Haruki Murakami adotou uma rotina de correr dez quilómetros e/ou nadar 1500 metros todos os dias.

Isabel Allende começa a escrever todos os seus romances a 8 de janeiro. O que começou por ser uma superstição passou a ser um hábito que a obriga a ter uma data fixa para começar a escrever.

Truman Capote nunca começava ou acabava o seu trabalho às sextas-feiras, mudava de quarto de hotel se o número de telefone do quarto tivesse 13, e nunca tinha mais que três beatas no cinzeiro.

Stephen King é um adepto do treino diário e, todas as manhãs caminha 3 a 5 km. Durante o trajeto, define o que vai escrever naquele dia. Quando chega a casa, bebe um copo de água gelada e, a partir das 8h30, começa a trabalhar. Cumpre religiosamente um ritual de produção: todos os dias tem de escrever, pelo menos, dez páginas.
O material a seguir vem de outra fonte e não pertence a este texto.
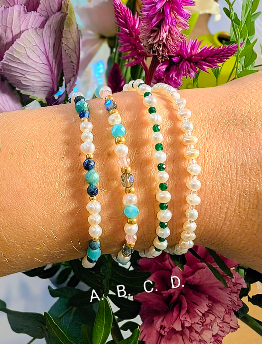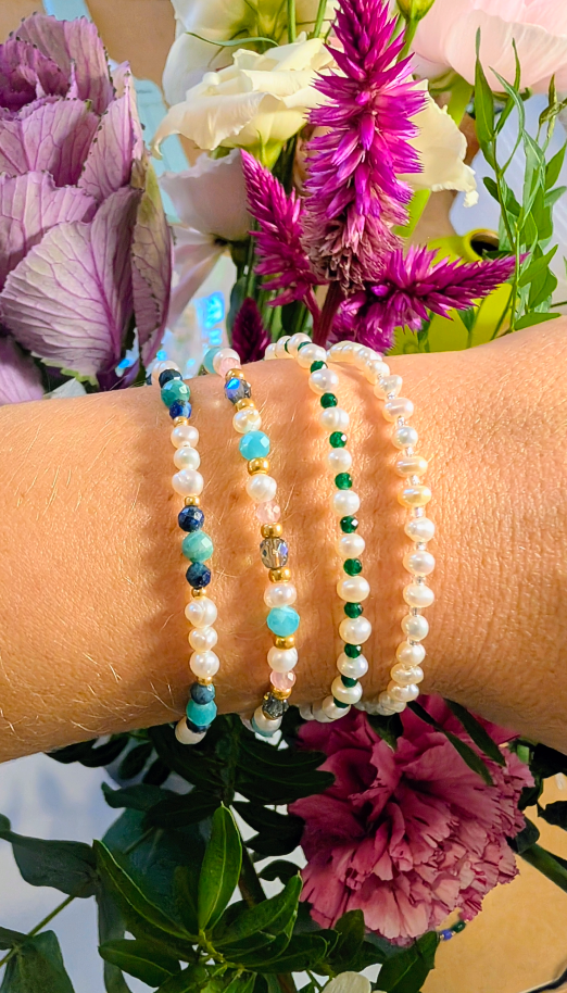 Bracelet léger, confectionné à partir de calcédoine et de perles d'eau douce.

Pablo Neruda só conseguia escrever com canetas de tinta verde. Durante a Guerra Civil Espanhola (1936-1939), deixou um poema inacabado só porque o seu stock de canetas verdes acabou.

Agatha Christie nunca escreveu sentada à secretária, nem tão pouco na sala ou no quarto. O seu local de inspiração para os célebres crimes e mistérios era a banheira, que enchia com água quente, improvisava um tampo para apoiar a máquina de escrever e ali produzia as suas histórias, enquanto comia maçãs.

Hans Christian Andersen tinha verdadeiro pavor de ser sepultado vivo. O medo era tanto, que quando esteve gravemente doente deixou um bilhete na cabeceira da cama a avisar que apenas parecia morto. Para garantir que não seria enterrado vivo, o escritor dinamarquês chegou ao ponto de pedir que lhe cortassem uma artéria antes de o sepultarem.

 


 

Muitos podem considerar certas manias como loucura, outros não se importam.

E você, acha que foram os vícios e manias que influenciaram os escritores ou foi a escrita que influenciou os seus excessos?